Говоря о пифагорейском начале античной философии, я имею в виду начало не историческое, а логическое. Это значит, что имеется в виду не “учение” пифагорейцев (тем более не “мудрость” Пифагора), ранних или эллинистических, а аритмологический образ мысли и соответствующий ему образ мира. Не столько “кто, что, когда” сказал интересует философию, сколько “в каком смысле и почему”, по какой внутренней необходимости это сказать приходится. Не тайная мудрость пифагорейской общины и не “трезвая” наука пифагорейских математиков 4 позволяют нам связывать пифагорейство с философией, а скорее уж нечто, благодаря чему эти стороны пифагорейской жизни и обороты пифагорейской мысли внутренне связаны и могут превращаться друг в друга.
Почему тайна бытия оказывается уловимой простейшими пропорциями (аналогиями по-гречески) и симметриями (соразмерностями), а аритмо-геометрическая математика — мыслимой как онтология? Каким образом форма именно в своей предельной формальности, схематичности, идеальности — как число и фигура, как мысленная форма и даже как форма мысли, — каким образом такая форма мыслится как само сущее, как сущее, схваченное в самом существе его бытия, т.е. в том, благодаря чему оно есть, а не только мыслится (“идеализируется” как исчислимое, измеримое), — словом, как форма может быть средоточием содержания: содержать само “что” каждого сущего? Что такое “число” как онто-логическая схема 5, или смысл связки “есть” в обратимом (двусубъектном) суждении: «бытие есть мысль»? Вот вопросы, ведущие к уяснению философского (онто-логического) смысла пифагорейства. Наш вопрос не в том, что придумывали ранние пифагорейцы, а в том, что значит думать по-пифагорейски и возможно ли это. Мы ищем архитектоническое начало греческого мышления в целом, определенность ума как неделимой единицы (единицы ума). то самое начало ума, о которых спорит греческая философия.

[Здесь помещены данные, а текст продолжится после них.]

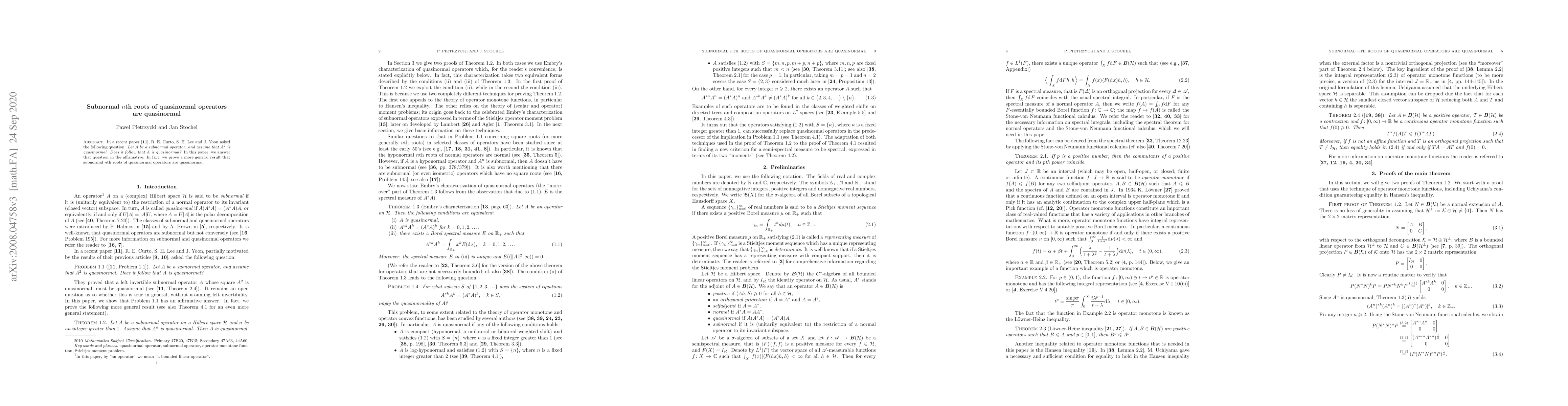 This paper affirms that if a subnormal operator $A$ satisfies $A^2$ being quasinormal, then $A$ itself is quasinormal. It further extends this result to show that subnormal $n$th roots of quasinormal operators are also quasinormal.

Чтобы с самого начала наметить образ целого (образ мира и образ мысли), обнаруживающий искомую архитектонику, рассмотрим, как строит образ мира по-пифагорейски Платон. Конечно, при такой постановке вопроса перед нами сразу же встает громада «Тимея» — основного “пифагорейского” трактата Платона, — но мы его осторожно обойдем и остановимся на диалоге «Филеб», сочиненном, видимо, в ту же эпоху, что и «Тимей» 6. «Филеб» выбран еще и потому, что позволяет заметить внутреннюю связь разных логических ходов греческой мысли, он находится как бы на пересечении ее расходящихся путей. Платон словно припоминает здесь свои пифагорейские истоки, берет в качестве универсальной логической схемы начала пифагорейской аритмологии, так что приходится специально выяснять, как же эта схема связана с его эйдологикой (как, например, она представлена в VI кн. «Государства»). Судя по всему, сама тематика и странная “пифагорейская” онто-логика «Филеба» прямо связана с содержанием лекции «О благе», представляюшей так называемое “неписаное учение” Платона 7. Наконец, четыре “рода” начал, предполагаемые здесь, весьма близки четверице Аристотелевых причин8.
1. Начала пути.
Пытаясь ответить на тематический вопрос диалога — в чем наше благо? — и натолкнувшимсь на трудность, Сократ диалога сразу же ставит вопрос о счастье (в удовольствиях оно, в разумности или в чем-то третьем?) в зависимость от умения разбираться во множестве разнородного, т.е. в зависимость от разумения. Практический вопрос о высшем благе превращается в вопрос логический (и не может не превратиться, если только в существо человеческого этоса входит вопрос, вынуждающий разбираться): каков наилучший и вернейший путь решения вопросов. Иными словами, что следует пред-положить (уже найти), чтобы поиски ответа вообще были возможны, как решено — устроено — то, в чем ответ вообще может находиться. Чтобы решить трудный вопрос, стоит подумать о том, что значит — решать. Вдумываясь вместе с философом в это решающее начало, мы, позднейшие читатели, имеем шанс уловить своеобразные, может быть, решительно отличные от знакомых и привычных нам, черты мира, в котором искомое решение возможно, и ума, который способен находить решение, уже как-то заложенное в этом мире.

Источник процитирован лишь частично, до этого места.